FWIW, a small optimization on Ch3steR's nice answer is to create the index
column by doing a groupby and taking a cumulative count of each group, and then offsetting the count by the index_start
:
rep = (df['index_end'] - df['index_start']) + 1
res = df.loc[df.index.repeat(rep)]
res['index'] = res.groupby(res.index).cumcount() + res['index_start']
Output (res
):
item index_start index_end index
0 A 1 3 1
0 A 1 3 2
0 A 1 3 3
1 B 4 7 4
1 B 4 7 5
1 B 4 7 6
1 B 4 7 7
And the timing, a la Ch3steR:
df = pd.concat([df]*1000, ignore_index=True)
%%timeit
rep = (df['index_end'] - df['index_start']) + 1
res = df.loc[df.index.repeat(rep)]
res['index'] = res.groupby(res.index).cumcount() + res['index_start']
# 1.66 ms ± 38.3 µs per loop (mean ± std. dev. of 7 runs, 1000 loops each)
You'll have to trust that my timings for the other approaches are similar to what was posted : )
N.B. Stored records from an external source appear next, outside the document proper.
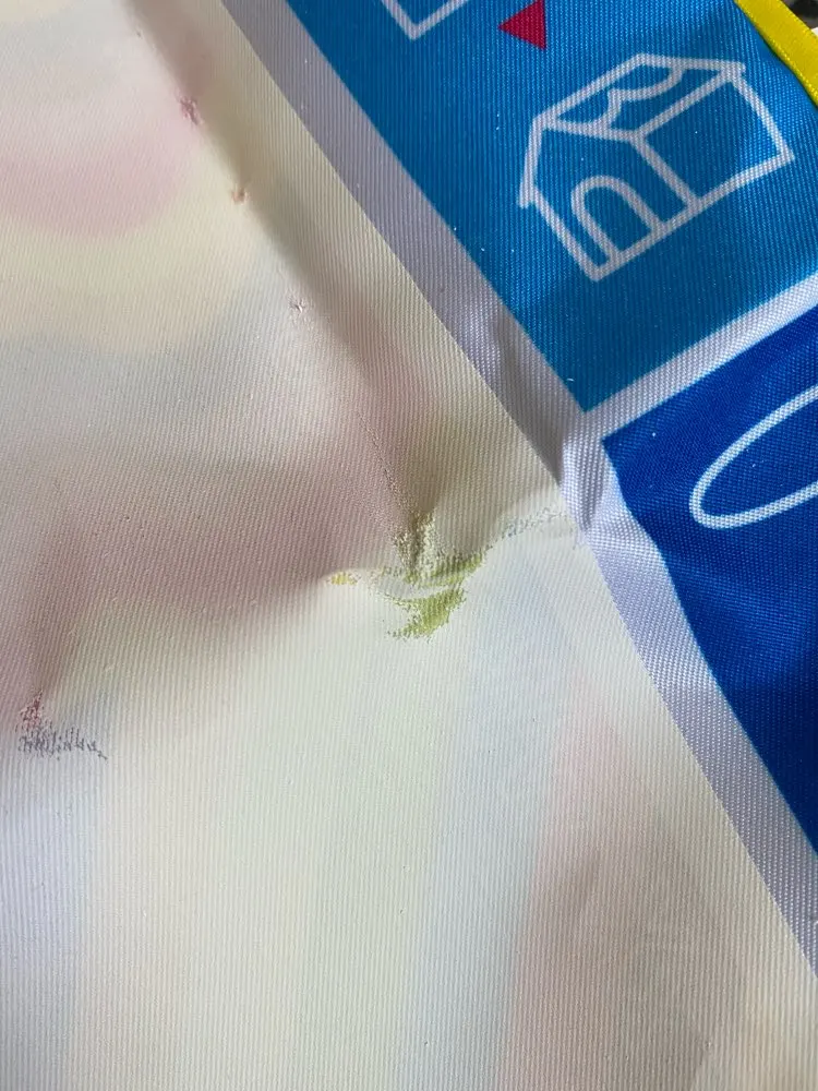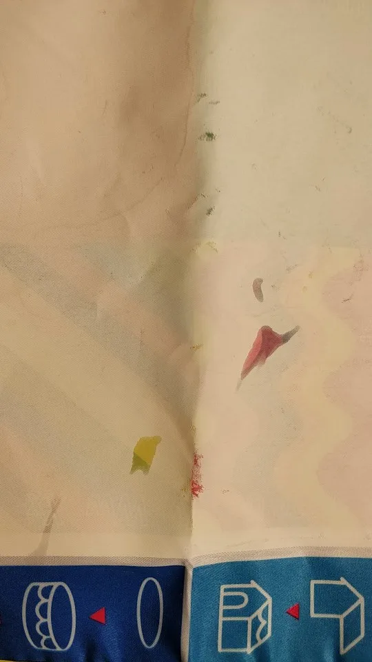 Хорошее качество, несмотря на складку в упаковке, слегка поврежденная белая часть (черные следы на складке)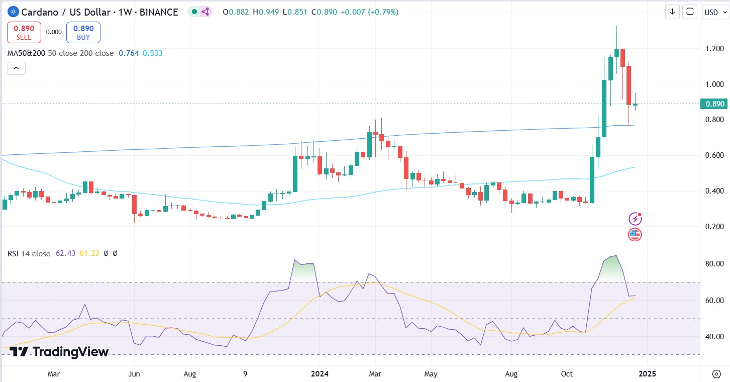 On the weekly chart, ADA price is above the 50 and 200 moving averages amid a steep price correction. RSI is at 63, meaning the price momentum is generally positive and is not yet at the overbought zone.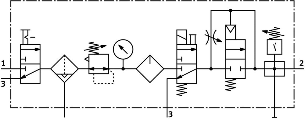 This air preparation unit combines essential pneumatic components in a compact package, offering efficient air treatment for industrial applications. With a G1/4 pneumatic connection and a standard nominal flow rate of 1060 l/min, it provides reliable performance for various pneumatic systems. The unit features a pressure regulation range of 2.5 - 12 bar and a 40 µm grade of filtration, ensuring clean and properly conditioned air supply. Its integrated design simplifies installation and maintenance, making it an ideal choice for technical buyers seeking a comprehensive air preparation solution.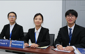 經歷書狀環節的殘酷淘汰,2023年9月25日,我校代表隊從近40所國內外知名院校中脫穎而出,成功晉級復賽(口賽環節),與北京外國語大學、中國海洋大學、中國政法大學、西南政法大學等國內外知名院校同場較量。我校隊員在強大的對手面前,從細節入手,有理有據地表達己方觀點,針對案件爭議焦點深入分析并展開庭辯,展現出了扎實的法學專業功底和流利的英語表達能力,得到了現場評審專家與對手隊員的一致認可。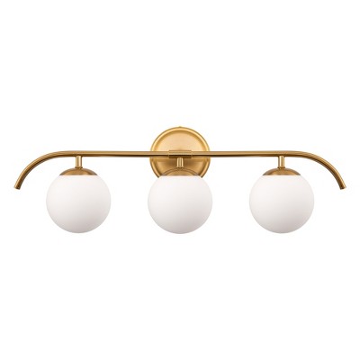 DORESshop 24 in. 3-Light Brass Vanity Light Fixture with Frosted Glass Globes Modern Wall Sconce for Bathroom, Mirror, and Hallway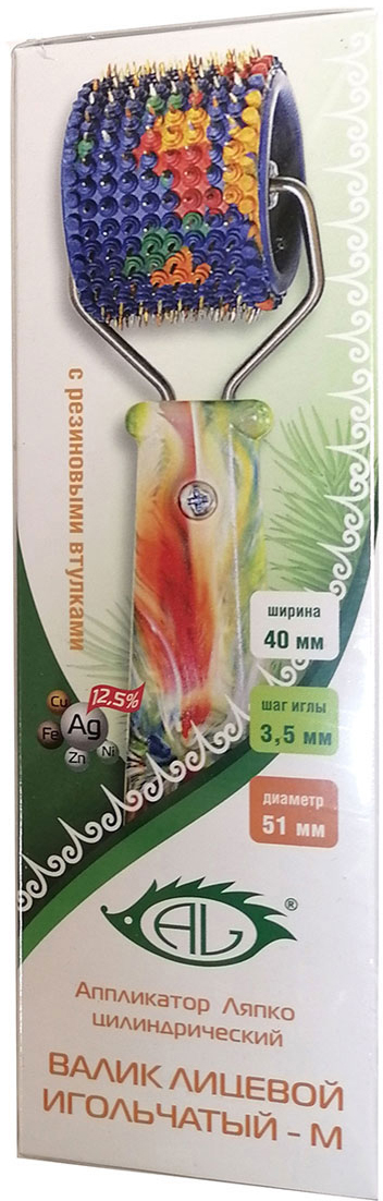 Аппликатор Ляпко "Валик Лицевой", разноцветный, шаг игл 3,5 мм, диаметр 51 мм, ширина 40 мм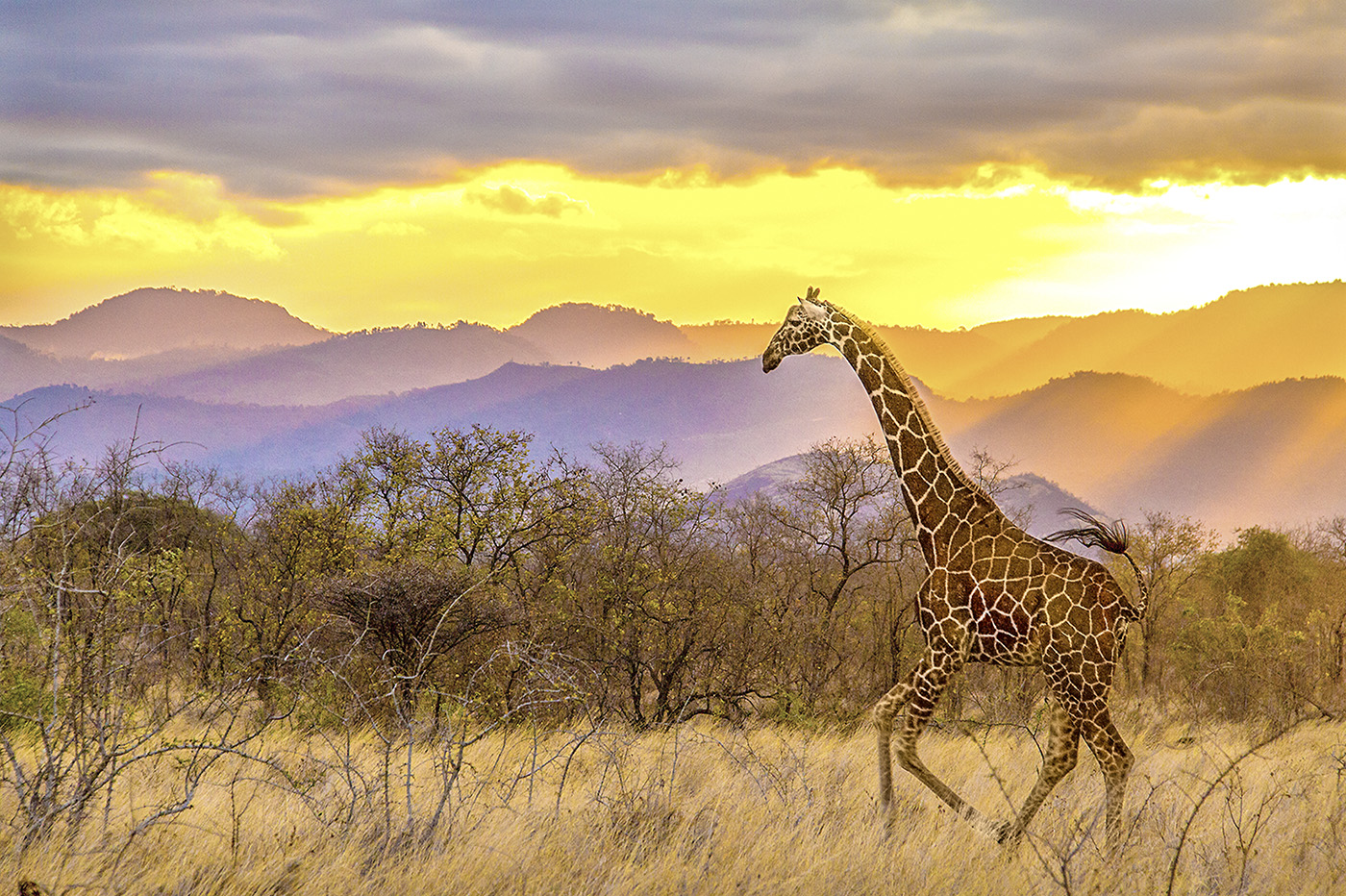 Caught on the fly as our vehicle was heading back to the lodge at the end of the day, and startled this giraffe.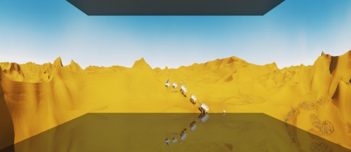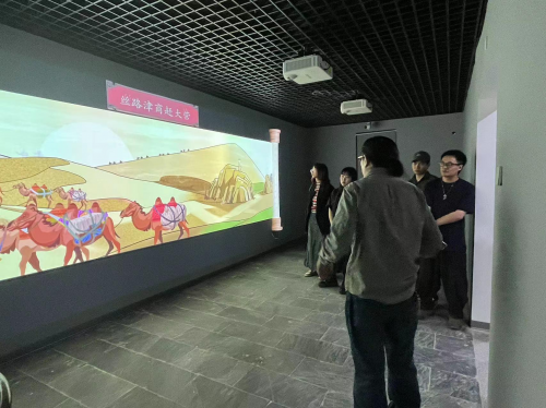 天津瓷艺园新媒体项目《赶大营》现场3 本项目项目将从历史事实出发,以科技艺术作创作媒介,将爱国主义作为思想内核,重现赶大营时期先辈们所历经的艰难险阻,描绘沿途祖国大好河山的壮丽景色,讲述其重大的历史意义以及对后世带来的深远影响。在技术手段上运用3Dmapping投影打造出沉浸式体验空间,设计交互环节,观者通过触摸画面可聆听作品中的人物讲述历史故事,以“沙漠寻宝”等交互游戏形式来吸引广大观众的参与,起到公共教育的作用。目前该项目已经落地运行。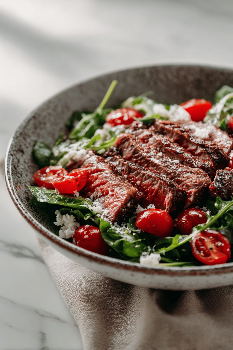 Leftovers keep okay in the fridge for 2–3 days if you store components separately: steak in one airtight container, dressed greens in another. If already tossed, accept that the leaves will soften — still tasty cold for breakfast with an egg on top, honestly. Reheat steak gently in a skillet or microwave in 20-second bursts so it doesn’t dry out.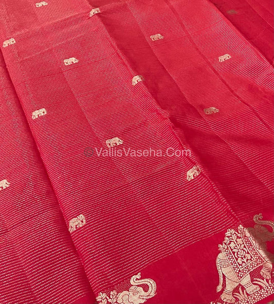 Semi Tussar Silk - Vairavoosi & Elephant Design - Red shade-VVSTS019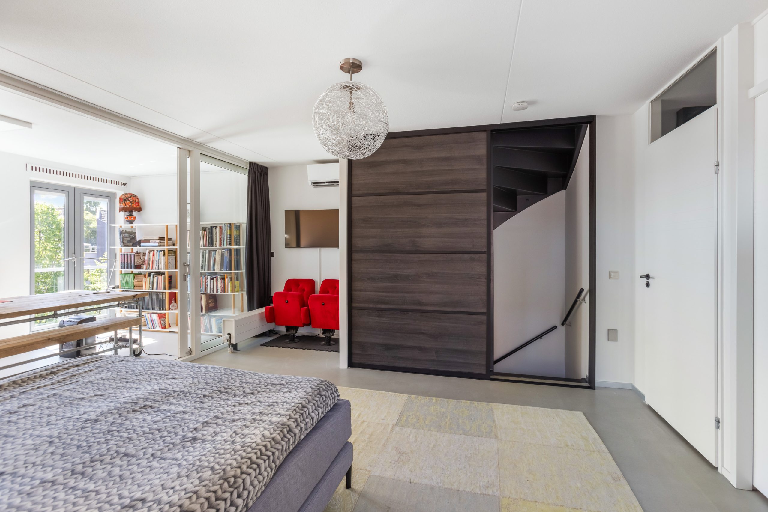 Via de schuifdeuren voor het trappengat kom je in een enorm grote overloop welke nu in gebruik is als extra slaapkamer. Er zit een groot raam en Frans balkon. Middels een schuifpui is een aparte ruimte bereikbaar die nu dienst doet als kantoor maar dit kan ook een slaapkamer zijn, een toffe gym of een speelkamer.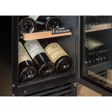 - Type de porte : vitrée, permet de visualiser facilement les bouteilles sans avoir à ouvrir la porte, ce qui réduit la circulation de l’air dans la cave et donc la variation de la température. Le traitement anti-uv protège le contenu.
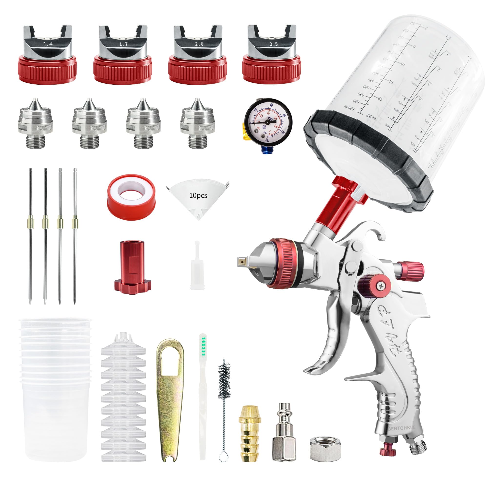 HVLP – Pistola pulverizadora con 10 vasos de pintura desechables de 22.0 fl oz, pistola de pulverización automotriz con boquillas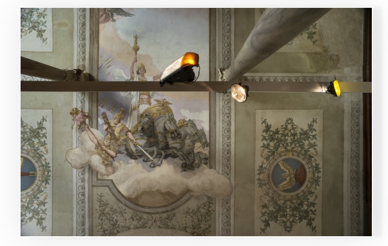 Partendo dai dettagli architettonici e artistici delle sale della Residenza Sabauda, l’opera di Leotta crea un percorso immaginario negli spazi del Museo in cui i fasti del passato settecentesco sabaudo espressi nei motivi araldici, nelle decorazioni e negli affreschi, sono metaforicamente illuminati dai fari delleautomobili.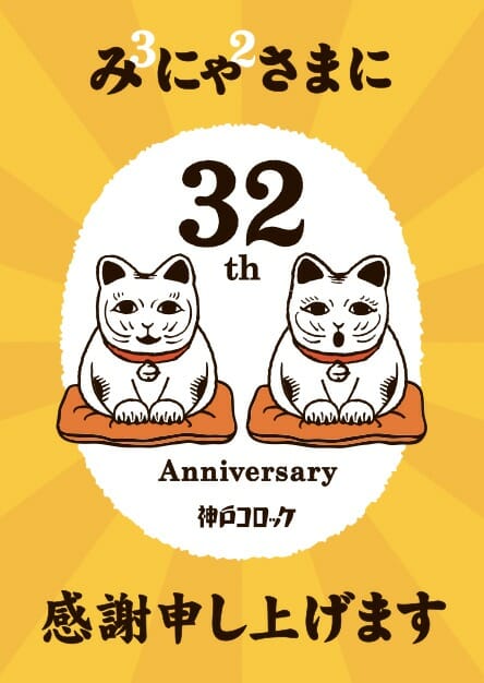1989年4月28日、「安心・安全で本当においしいコロッケを食卓に届けたい」という想いから誕生した神戸コロッケ。多くの支持を得て、32周年を迎えます。“長きにわたり支えてくださった「み(3)にゃ(2)さま」”への感謝の気持ちを込め、5月5日(水)までの期間限定で特別商品を用意します。

But to me, this feels like overkill for creating an index. If the indices referenced in your original rows are always contiguous and non-overlapping (i.e. if one entry spans i to j, the next starts at j + 1), then index
is just going to be a series of integers. So creating it with a range
should be correct:
res['index'] = np.arange(1, len(df) + 1)
Or maybe functionally-equivalently, you could just reset the DataFrame's index instead of creating index
:
res = res.reset_index(drop=True)
It seems from your example input that this would be sufficient. But the counter case would be if your index_start
and index_end
don't mean literal row numbers, and are more just used to compute how to repeat things. So for example, if your data looked like so:
# now there are gaps in the indices, and it doesn't start at 1
df = pd.DataFrame({'item':['A','B'],
'index_start':[3, 5],
'index_end':[19, 22]})
But you still wanted the first row to be repeated 3 times and second one 4 times, AND you wanted to create that index
column (in this case, [3,4,5,19,20,21,22]
), you would need to do the groupby operation or something similar.